A estos conceptos se suman otros dos fundamentales: el horizonte de espera y la deuda. El primero es el conjunto de proyectos, esperanzas y temores que proyectan nuestra existencia hacia el mañana y otorgan dinamismo a la conciencia. La segunda expresa el compromiso ético que nos vincula con quienes nos precedieron; la deuda no es únicamente una obligación moral, sino también una necesidad narrativa: contar para hacer justicia.

Ricoeur distingue el pasado como "ya no" del pasado como "carácter de haber sido". Esta última idea constituye uno de los pilares de su pensamiento.

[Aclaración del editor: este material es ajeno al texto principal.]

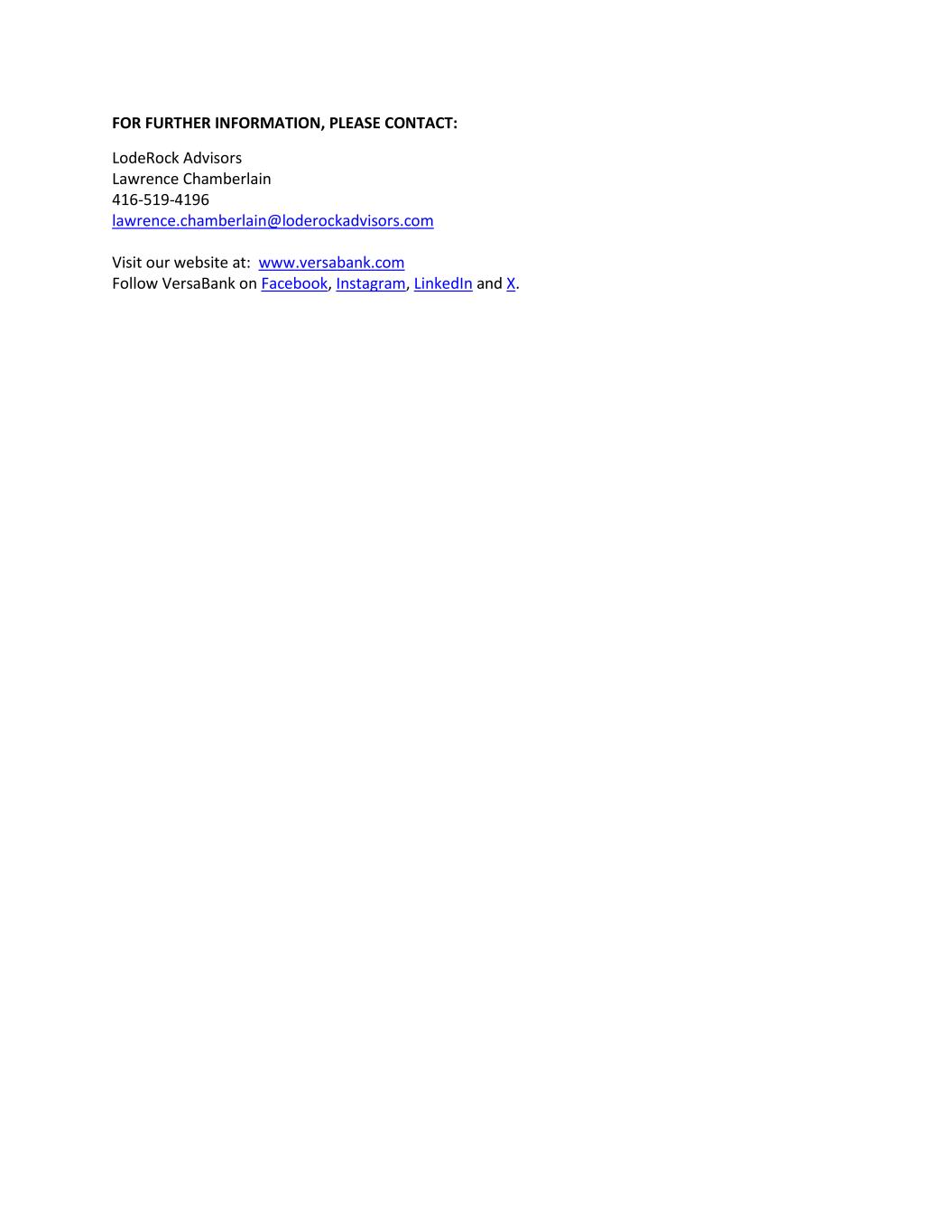 FOR FURTHER INFORMATION, PLEASE CONTACT: LodeRock Advisors Lawrence Chamberlain 416-519-4196 lawrence.chamberlain@loderockadvisors.com Visit our website at: www.versabank.com Follow VersaBank on Facebook, Instagram, LinkedIn and X.

Lo que ha sido jamás puede ser borrado de la realidad; esa certeza rescata a nuestros seres queridos del abismo del "ya no es" para integrarlos al "siempre fue". En ese tránsito aparece lo que denomina el trabajo del duelo: recordar verdaderamente exige aceptar que lo amado ha desaparecido en su materialidad. Solo entonces el trabajo de la memoria puede desplegarse plenamente; al aceptar la pérdida, el ser humano se libera de la compulsión de la repetición y transforma la deuda con el pasado en un proyecto. La historia deja de ser una cárcel para convertirse en horizonte.

Todo ello conduce, en la perspectiva de Ricoeur, a una ética del cuidado de lo inolvidable. El duelo permite transitar de una memoria herida hacia una memoria justa. En ese proceso, la selectividad de la memoria no representa un fracaso de la exactitud histórica, sino una estrategia de configuración narrativa y de protección vital. Al recordar a los padres, operamos una reconciliación: la memoria selecciona, reorganiza e incluso resignifica imágenes para construir un relato que otorgue sentido frente a la destrucción del tiempo. No se trata de falsear la historia; se trata de honrar la esencia del vínculo.

Ricoeur afirma que el pasado es un "cementerio de promesas incumplidas". Nuestros padres no son únicamente aquello que hicieron, sino también aquello que soñaron ser y no alcanzaron a realizar. Honrarlos consiste, en parte, en rescatar esos proyectos frustrados, esas promesas inconclusas, y ofrecerles una nueva posibilidad de existencia en el horizonte de espera de los hijos. Al final, somos seres narrados por nuestros vínculos; vivimos del cuidado de lo inolvidable y encontramos en la dignificación de quienes amamos una forma de herencia y, también, una manera de habitar el mundo.